WHAT TO DO → Transcribe, starting at the line with "9月14日上午,西藏农牧学院" and ending at the line with "Jerry West Signed", every line of the material below exactly, but leave out the pictures and anything outside that span.

DATASET CONTENT →
Segment Open

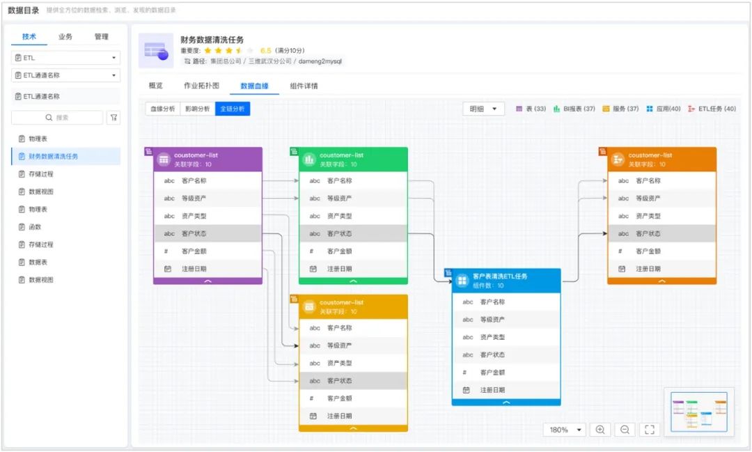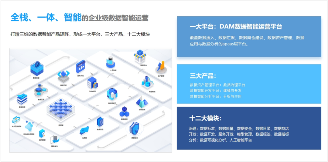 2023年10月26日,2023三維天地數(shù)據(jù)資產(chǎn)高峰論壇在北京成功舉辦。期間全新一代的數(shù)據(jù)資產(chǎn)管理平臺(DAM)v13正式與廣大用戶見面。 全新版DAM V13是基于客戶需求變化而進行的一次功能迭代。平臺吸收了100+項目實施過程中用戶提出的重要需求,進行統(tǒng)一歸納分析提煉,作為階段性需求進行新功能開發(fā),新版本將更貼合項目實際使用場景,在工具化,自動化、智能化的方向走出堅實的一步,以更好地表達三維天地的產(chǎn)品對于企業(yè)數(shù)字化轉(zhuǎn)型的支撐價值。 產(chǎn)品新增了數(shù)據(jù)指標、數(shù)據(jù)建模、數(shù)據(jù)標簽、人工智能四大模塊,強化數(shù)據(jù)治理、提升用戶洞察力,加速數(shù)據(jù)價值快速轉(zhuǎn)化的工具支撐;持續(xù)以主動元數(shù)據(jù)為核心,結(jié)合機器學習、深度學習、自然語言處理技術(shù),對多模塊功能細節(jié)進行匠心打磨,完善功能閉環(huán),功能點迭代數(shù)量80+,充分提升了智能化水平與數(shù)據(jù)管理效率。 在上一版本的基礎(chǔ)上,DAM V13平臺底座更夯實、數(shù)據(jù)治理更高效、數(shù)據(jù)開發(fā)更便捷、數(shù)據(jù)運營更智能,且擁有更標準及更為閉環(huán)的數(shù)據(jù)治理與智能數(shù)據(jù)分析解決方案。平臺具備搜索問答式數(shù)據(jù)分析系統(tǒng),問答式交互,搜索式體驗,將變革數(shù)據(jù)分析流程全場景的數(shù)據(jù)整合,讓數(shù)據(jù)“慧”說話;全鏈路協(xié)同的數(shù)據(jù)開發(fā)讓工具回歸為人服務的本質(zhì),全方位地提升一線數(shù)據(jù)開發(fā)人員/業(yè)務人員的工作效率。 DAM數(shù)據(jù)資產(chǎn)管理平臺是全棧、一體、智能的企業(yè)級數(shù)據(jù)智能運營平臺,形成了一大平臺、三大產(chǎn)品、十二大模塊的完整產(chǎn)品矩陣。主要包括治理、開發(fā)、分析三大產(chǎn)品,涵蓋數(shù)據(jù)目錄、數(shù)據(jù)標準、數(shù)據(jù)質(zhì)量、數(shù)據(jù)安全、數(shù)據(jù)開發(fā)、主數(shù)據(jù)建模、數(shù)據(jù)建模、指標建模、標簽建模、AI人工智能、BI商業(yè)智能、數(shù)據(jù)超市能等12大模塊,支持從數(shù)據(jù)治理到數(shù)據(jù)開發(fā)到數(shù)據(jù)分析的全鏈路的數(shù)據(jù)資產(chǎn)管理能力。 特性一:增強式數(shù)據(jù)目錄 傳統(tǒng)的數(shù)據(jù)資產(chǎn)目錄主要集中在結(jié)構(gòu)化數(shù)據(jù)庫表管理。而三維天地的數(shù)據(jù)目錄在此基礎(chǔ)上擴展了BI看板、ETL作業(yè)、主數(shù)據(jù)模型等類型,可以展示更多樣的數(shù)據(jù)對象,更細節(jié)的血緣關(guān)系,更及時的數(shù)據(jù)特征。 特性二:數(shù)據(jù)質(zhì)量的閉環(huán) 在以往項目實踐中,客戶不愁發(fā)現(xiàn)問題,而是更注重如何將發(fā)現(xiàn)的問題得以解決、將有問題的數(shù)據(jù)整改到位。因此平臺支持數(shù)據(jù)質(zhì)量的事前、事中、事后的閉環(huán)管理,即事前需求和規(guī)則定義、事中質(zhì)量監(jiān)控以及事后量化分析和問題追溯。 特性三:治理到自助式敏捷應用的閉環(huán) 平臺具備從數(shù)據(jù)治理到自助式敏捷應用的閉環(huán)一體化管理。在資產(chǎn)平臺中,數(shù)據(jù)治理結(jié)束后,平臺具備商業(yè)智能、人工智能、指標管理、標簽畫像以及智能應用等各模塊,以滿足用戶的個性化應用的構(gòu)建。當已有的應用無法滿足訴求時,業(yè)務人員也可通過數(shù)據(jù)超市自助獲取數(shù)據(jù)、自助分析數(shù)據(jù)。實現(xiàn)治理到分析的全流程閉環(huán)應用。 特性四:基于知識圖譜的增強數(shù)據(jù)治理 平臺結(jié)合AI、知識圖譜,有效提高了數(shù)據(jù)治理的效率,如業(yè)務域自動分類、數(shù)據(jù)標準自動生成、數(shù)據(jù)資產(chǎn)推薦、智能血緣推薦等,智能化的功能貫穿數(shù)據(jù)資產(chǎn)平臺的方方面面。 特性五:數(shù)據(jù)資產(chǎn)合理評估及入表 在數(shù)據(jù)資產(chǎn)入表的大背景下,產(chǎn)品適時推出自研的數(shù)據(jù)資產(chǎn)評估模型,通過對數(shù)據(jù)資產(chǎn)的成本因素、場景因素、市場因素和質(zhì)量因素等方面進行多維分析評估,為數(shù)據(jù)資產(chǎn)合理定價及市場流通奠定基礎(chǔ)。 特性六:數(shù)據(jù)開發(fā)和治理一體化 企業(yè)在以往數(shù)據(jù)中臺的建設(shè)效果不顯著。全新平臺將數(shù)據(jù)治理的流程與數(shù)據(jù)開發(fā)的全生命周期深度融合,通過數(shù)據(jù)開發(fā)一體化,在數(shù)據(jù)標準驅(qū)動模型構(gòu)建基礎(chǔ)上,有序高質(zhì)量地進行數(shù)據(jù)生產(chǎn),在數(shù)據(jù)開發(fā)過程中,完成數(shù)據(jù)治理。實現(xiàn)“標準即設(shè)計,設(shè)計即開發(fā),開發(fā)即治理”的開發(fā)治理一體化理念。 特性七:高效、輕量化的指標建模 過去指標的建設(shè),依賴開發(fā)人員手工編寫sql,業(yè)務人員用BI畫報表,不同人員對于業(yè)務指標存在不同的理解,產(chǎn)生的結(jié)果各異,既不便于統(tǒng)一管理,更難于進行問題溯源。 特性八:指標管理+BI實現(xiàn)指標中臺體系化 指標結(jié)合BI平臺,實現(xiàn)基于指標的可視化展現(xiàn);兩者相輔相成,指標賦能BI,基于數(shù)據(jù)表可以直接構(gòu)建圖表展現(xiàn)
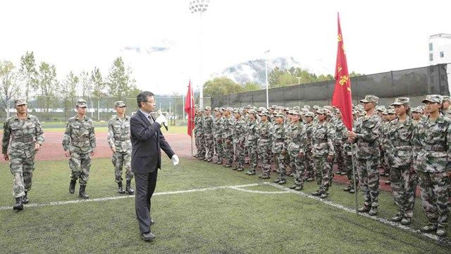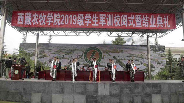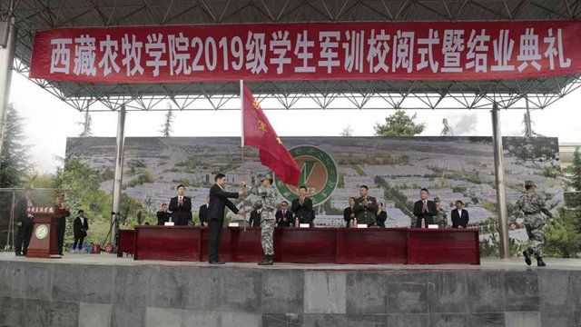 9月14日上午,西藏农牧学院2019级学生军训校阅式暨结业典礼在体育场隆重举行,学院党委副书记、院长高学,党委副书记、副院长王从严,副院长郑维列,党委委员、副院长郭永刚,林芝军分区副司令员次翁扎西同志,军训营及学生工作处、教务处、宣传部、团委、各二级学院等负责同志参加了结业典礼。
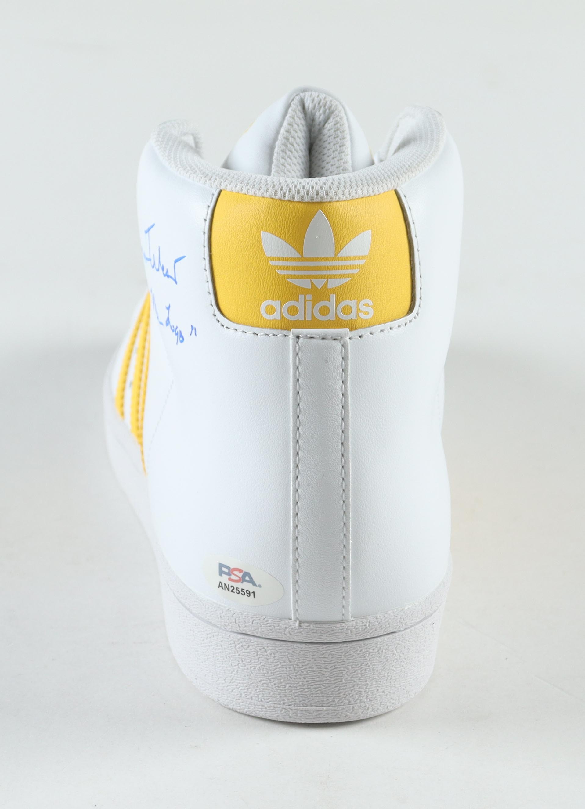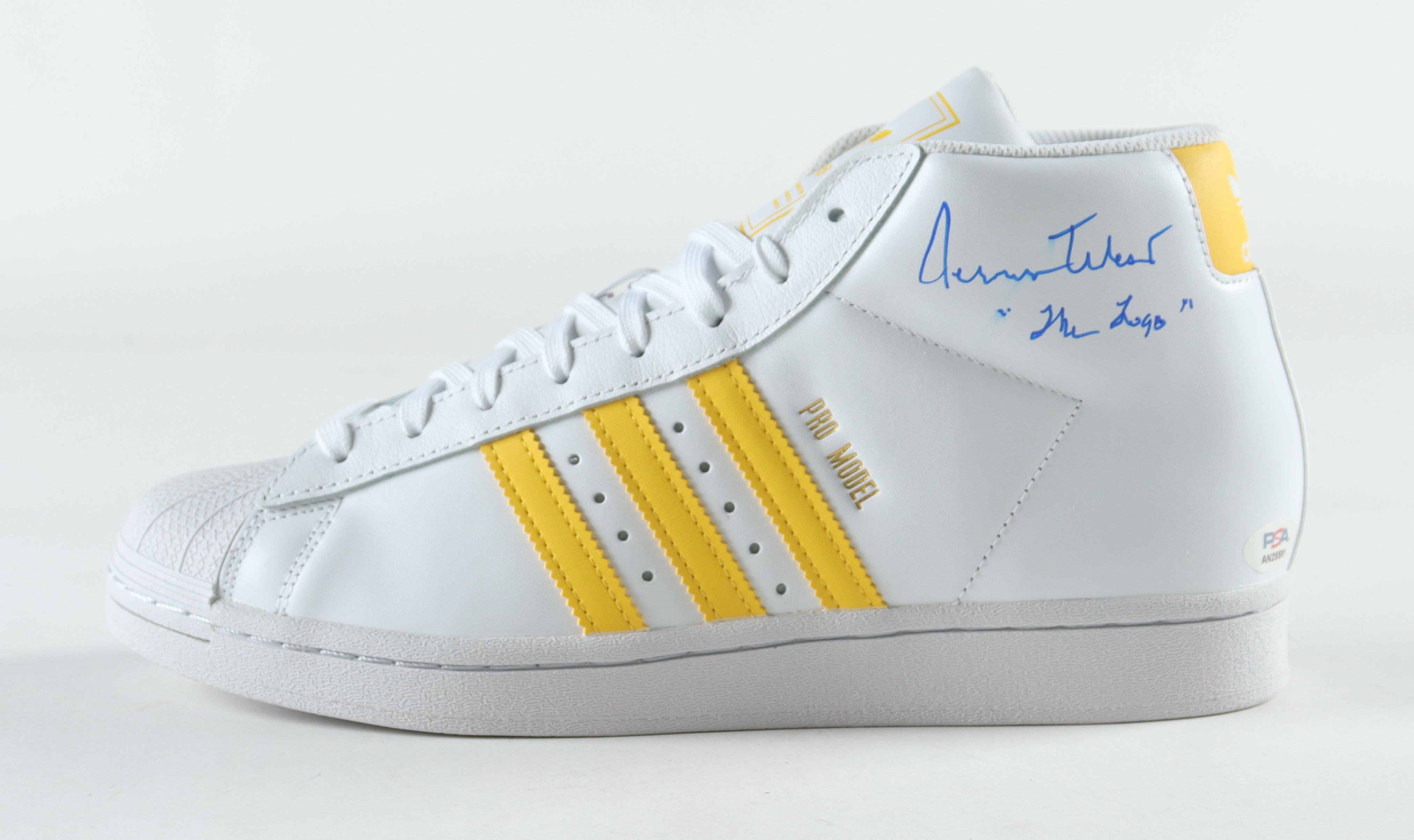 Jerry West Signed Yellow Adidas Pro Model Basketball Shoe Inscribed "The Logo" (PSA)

Segment Closed
Segment Open

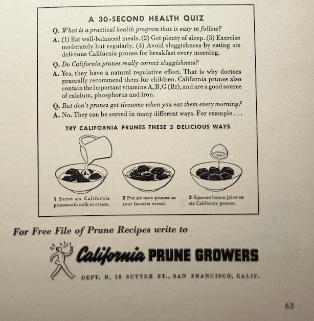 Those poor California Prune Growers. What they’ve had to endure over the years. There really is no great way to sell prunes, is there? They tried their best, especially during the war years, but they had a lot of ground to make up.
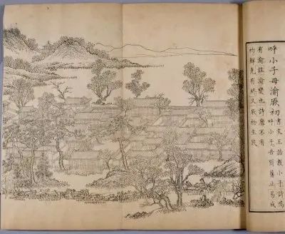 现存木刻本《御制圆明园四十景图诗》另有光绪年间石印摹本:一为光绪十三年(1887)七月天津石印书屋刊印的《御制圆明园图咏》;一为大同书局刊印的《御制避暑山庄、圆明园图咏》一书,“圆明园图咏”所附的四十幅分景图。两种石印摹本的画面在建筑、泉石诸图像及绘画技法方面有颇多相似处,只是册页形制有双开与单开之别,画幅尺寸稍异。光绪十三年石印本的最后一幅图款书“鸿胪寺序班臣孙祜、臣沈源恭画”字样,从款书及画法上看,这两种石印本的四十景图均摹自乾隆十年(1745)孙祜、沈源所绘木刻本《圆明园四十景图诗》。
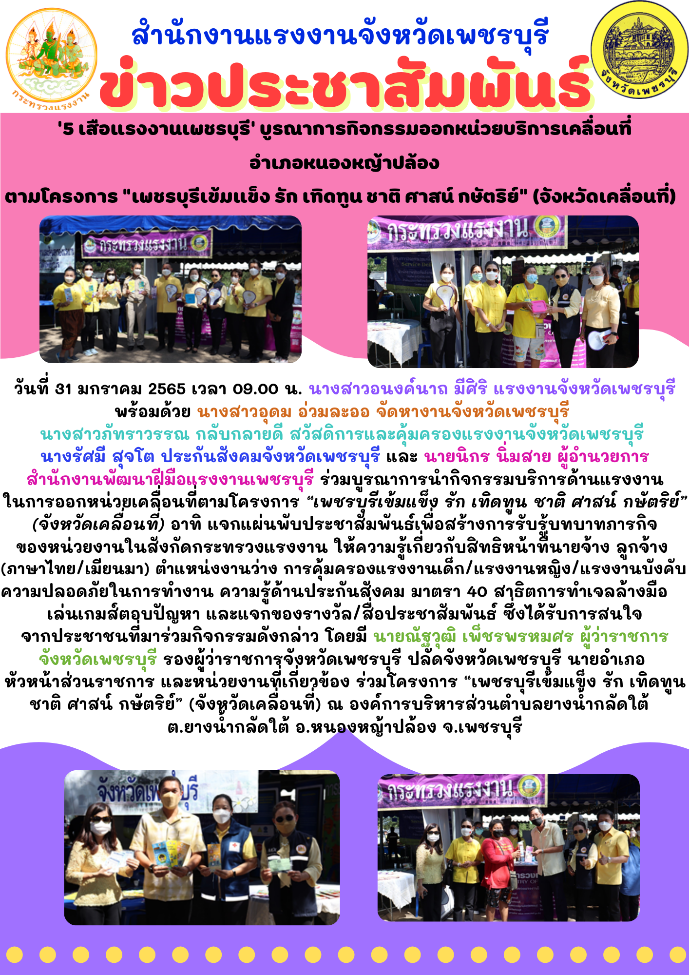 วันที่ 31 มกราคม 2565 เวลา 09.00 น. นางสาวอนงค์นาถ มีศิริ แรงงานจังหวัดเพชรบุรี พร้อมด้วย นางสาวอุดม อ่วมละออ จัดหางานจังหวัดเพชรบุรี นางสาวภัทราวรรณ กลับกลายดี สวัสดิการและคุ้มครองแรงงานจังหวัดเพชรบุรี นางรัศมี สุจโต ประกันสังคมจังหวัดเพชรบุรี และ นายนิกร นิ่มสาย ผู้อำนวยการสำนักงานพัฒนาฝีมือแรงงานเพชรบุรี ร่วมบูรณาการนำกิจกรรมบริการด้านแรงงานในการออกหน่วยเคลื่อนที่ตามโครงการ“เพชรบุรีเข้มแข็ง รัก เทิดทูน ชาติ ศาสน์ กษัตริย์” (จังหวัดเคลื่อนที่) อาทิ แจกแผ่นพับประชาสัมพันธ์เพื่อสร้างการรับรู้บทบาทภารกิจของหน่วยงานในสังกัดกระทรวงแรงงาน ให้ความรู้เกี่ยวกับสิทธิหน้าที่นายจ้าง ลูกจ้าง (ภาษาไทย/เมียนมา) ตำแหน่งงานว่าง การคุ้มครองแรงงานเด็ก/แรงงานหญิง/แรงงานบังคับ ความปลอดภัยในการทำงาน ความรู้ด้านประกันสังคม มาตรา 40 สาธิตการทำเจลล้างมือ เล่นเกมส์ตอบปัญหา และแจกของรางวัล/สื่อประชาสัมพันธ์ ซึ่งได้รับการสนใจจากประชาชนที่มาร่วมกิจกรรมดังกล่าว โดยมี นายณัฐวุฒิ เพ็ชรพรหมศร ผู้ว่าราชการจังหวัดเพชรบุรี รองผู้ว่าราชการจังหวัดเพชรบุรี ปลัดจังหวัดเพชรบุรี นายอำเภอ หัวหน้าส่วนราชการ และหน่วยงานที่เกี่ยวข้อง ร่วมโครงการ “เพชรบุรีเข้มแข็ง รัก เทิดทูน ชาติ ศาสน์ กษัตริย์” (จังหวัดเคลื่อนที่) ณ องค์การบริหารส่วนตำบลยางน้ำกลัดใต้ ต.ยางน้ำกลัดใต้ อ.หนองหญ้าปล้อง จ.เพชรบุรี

Segment Closed

SOLVED EXERCISE →
 9月14日上午,西藏农牧学院2019级学生军训校阅式暨结业典礼在体育场隆重举行,学院党委副书记、院长高学,党委副书记、副院长王从严,副院长郑维列,党委委员、副院长郭永刚,林芝军分区副司令员次翁扎西同志,军训营及学生工作处、教务处、宣传部、团委、各二级学院等负责同志参加了结业典礼。
 Jerry West Signed Yellow Adidas Pro Model Basketball Shoe Inscribed "The Logo" (PSA)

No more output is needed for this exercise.